§ **Input data**:
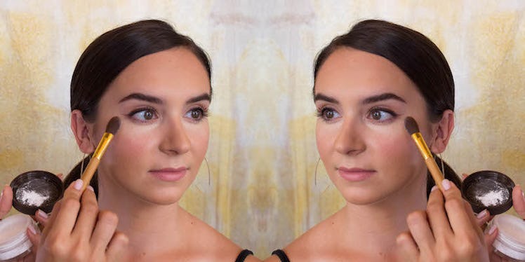 Using a quick hand and a little speed, use the powder brush to sweep the excess powder off your face and away from your nose. If you're heading in front of the camera, leave the look as is. But if you're angling for something a bit more natural, make small circles with the brush to blend in any residual loose powder.
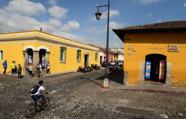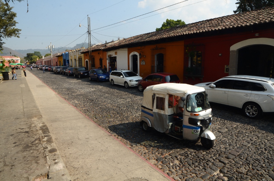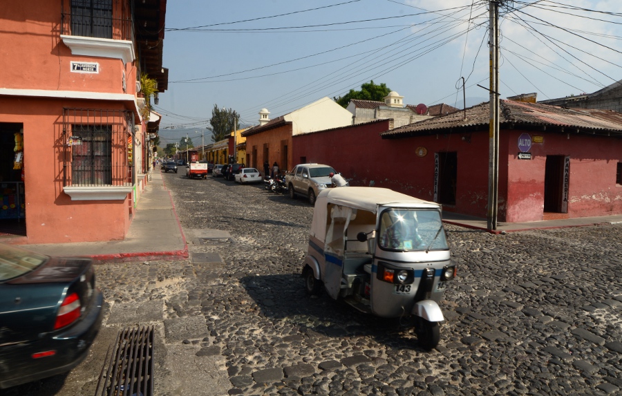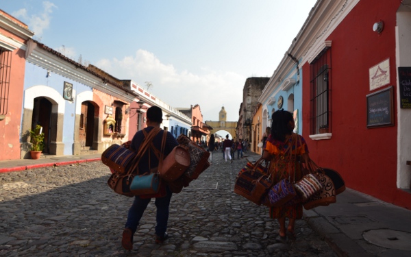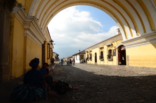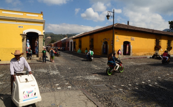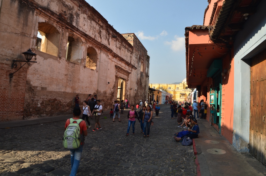 Antigua la belle. Antigua l’insaisissable. Les ruines côtoient les branches des arbres tropicaux, les Indiens traversent la ville chargés de fripes, de sacs et de tapis à la recherche de quelques quetzales, les monuments se parent de fenêtres orphelines, les tuk-tuks bringuebalent sur les pavés, les enfants jouent, les mères se protègent du soleil et les hommes relèvent les yeux au ciel. Les filles se pressent contre leur père. La police veille et les marchands ambulants dressent leurs étals. Les rues d’Antigua débordent d’une vie simple et rude que les couleurs de la ville encadrent comme des tableaux.
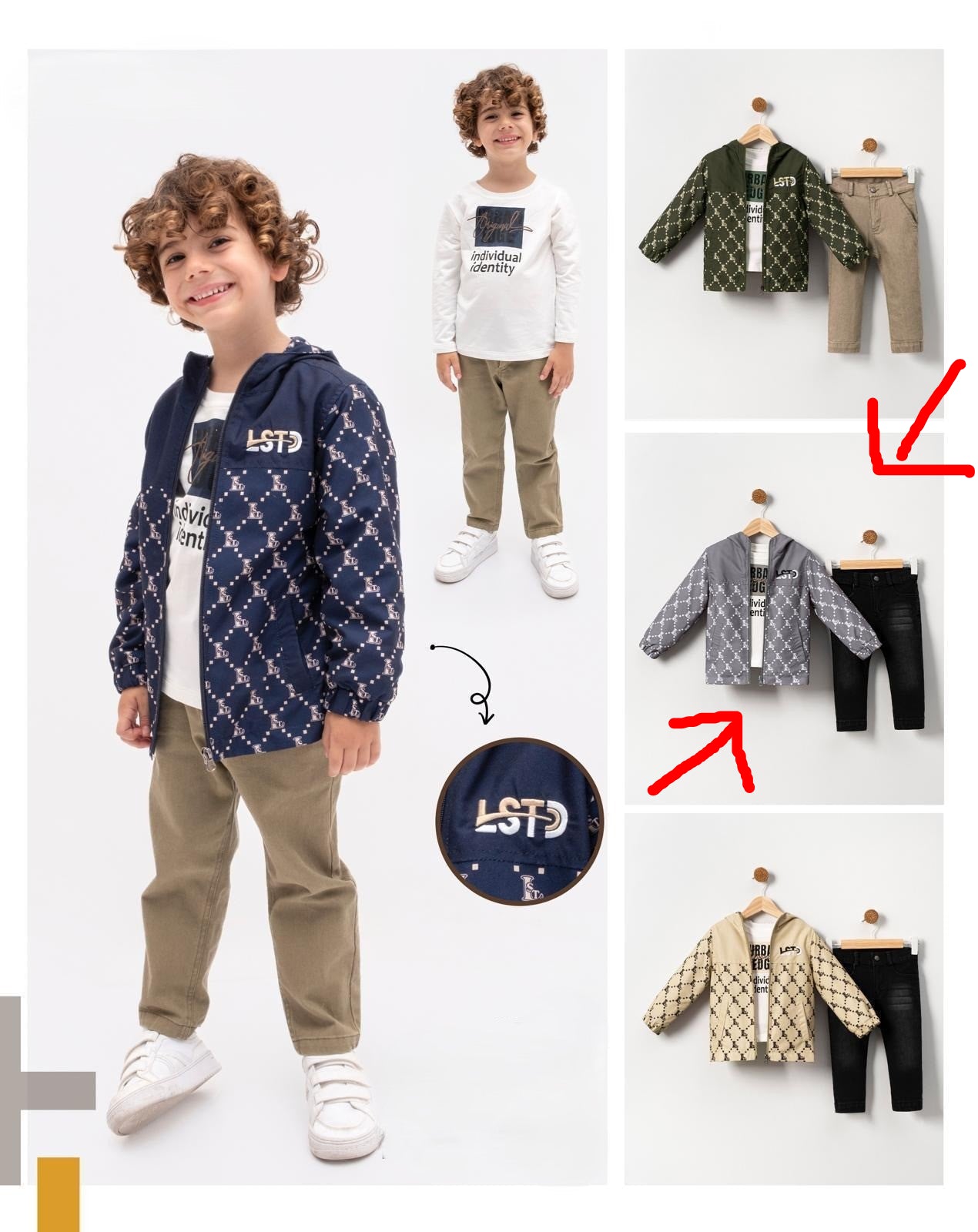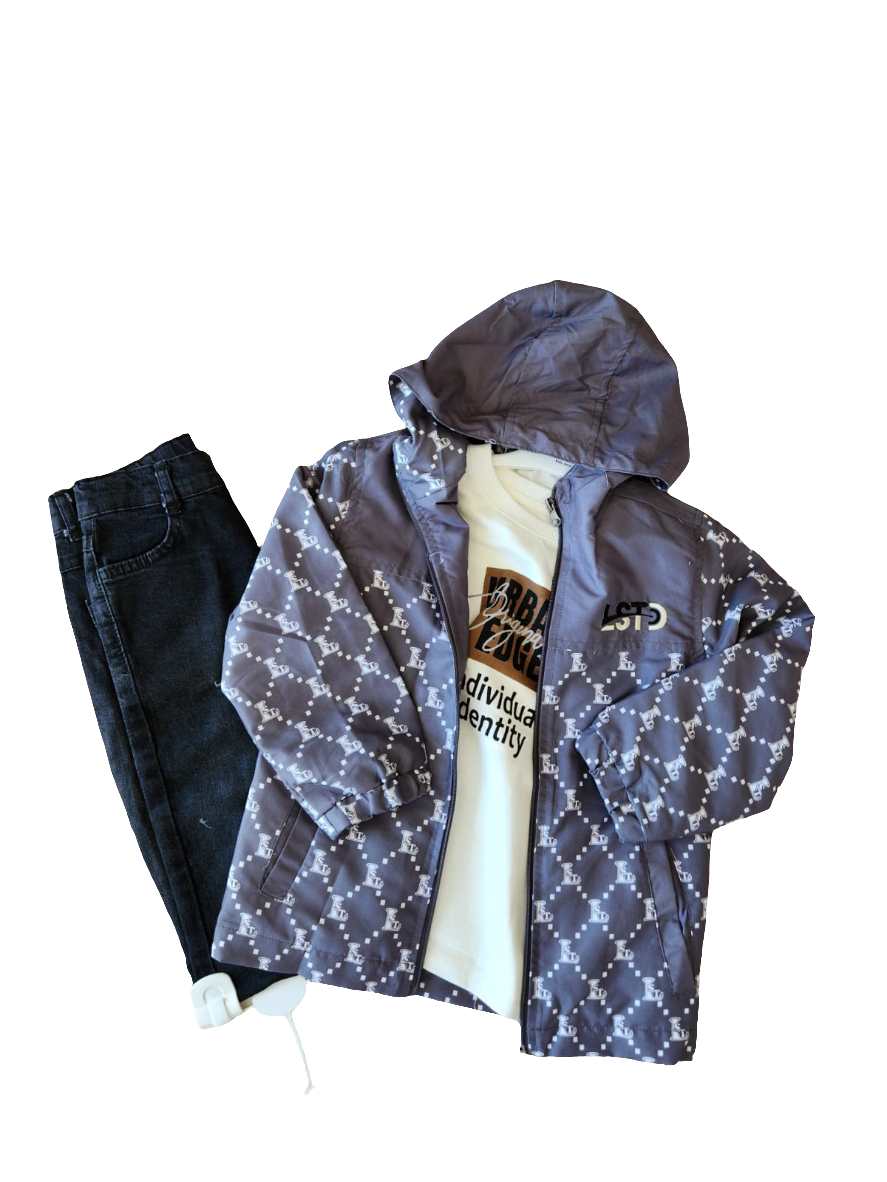 Ensemble 3 pièces pantalon, t-shirt manche longue et veste (modèle en gris)

§ **Work instruction**: An exact, image-free transcript of the material is required.

§ **Written solution**:
 Using a quick hand and a little speed, use the powder brush to sweep the excess powder off your face and away from your nose. If you're heading in front of the camera, leave the look as is. But if you're angling for something a bit more natural, make small circles with the brush to blend in any residual loose powder.
 Antigua la belle. Antigua l’insaisissable. Les ruines côtoient les branches des arbres tropicaux, les Indiens traversent la ville chargés de fripes, de sacs et de tapis à la recherche de quelques quetzales, les monuments se parent de fenêtres orphelines, les tuk-tuks bringuebalent sur les pavés, les enfants jouent, les mères se protègent du soleil et les hommes relèvent les yeux au ciel. Les filles se pressent contre leur père. La police veille et les marchands ambulants dressent leurs étals. Les rues d’Antigua débordent d’une vie simple et rude que les couleurs de la ville encadrent comme des tableaux.
 Ensemble 3 pièces pantalon, t-shirt manche longue et veste (modèle en gris)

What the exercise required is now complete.